Short-range plasma model for intermediate spectral statistics

We propose a plasma model for spectral statistics displaying level repulsion without long-range spectral rigidity, i.e. statistics intermediate between random matrix and Poisson statistics similar to the ones found numerically at the critical point of the Anderson metal-insulator transition in disordered systems and in certain dynamical systems. The model emerges from Dysons one-dimensional gas corresponding to the eigenvalue distribution of the classical random matrix ensembles by restricting the logarithmic pair interaction to a finite number k of nearest neighbors. We calculate analytically the spacing distributions and the two-level statistics.
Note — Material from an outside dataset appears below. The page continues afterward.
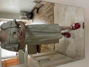 Kolları baya gösterişli tatlı bir elbise prenses elbiselerine benziyor, 160 cm boy, 57 kg, 80 B göğüs ölçüsüne 38 beden tam oldu göğsünüz büyük ise bir beden büyük tercih edebilirsiniz, yaşıma pek gitmedi ama ben yine de iyede etmeyeceğim, beğendim, elbisenin üst tarafında astar var altında yok, yaz ayları için kalın olabilir sonbahar ve bahar aylarında İzmir’de, sıcak yerlerde giyilebilir, kargo çabuk geldi Trendyol expres ile göndermişler, kargo sorunsuz teslim etti, elbisede defo yok sağlam geldi
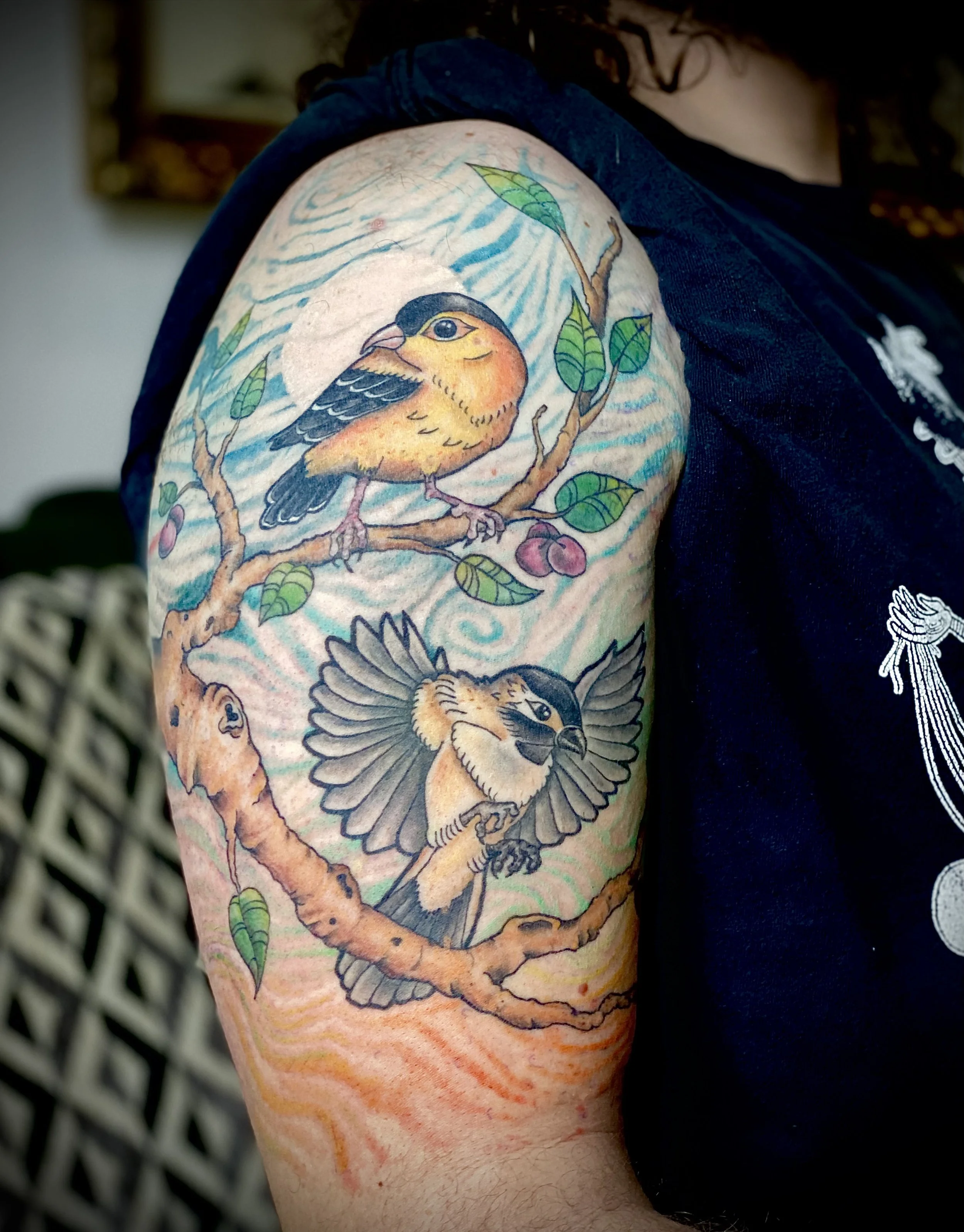 “I really love working in colour on botanical or nature inspired pieces. But equally love working with black and grey— I’m pretty much down for anything as I want to grow and learn as much as I can as I develop my own style”

In particular we show that the number variance has the asymptotic form Sigma (2)(L) similar to chiL for large L and the nearest-neighbor distribution decreases exponentially when s --> infinity, P(s) similar to exp(-Lambdas) with Lambda = 1/chi = k beta + 1, where beta is the inverse temperature of the gas (beta = 1, 2 and 4 for the orthogonal, unitary and symplectic symmetry class respectively). In the simplest case of k = beta = 1, the model leads to the so-called Semi-Poisson statistics characterized by particular simple correlation functions e.g. P(s) = 4s exp(-2s). Furthermore we investigate the spectral statistics of several pseudointegrable quantum billiards numerically and compare them to the Semi-Poisson statistics.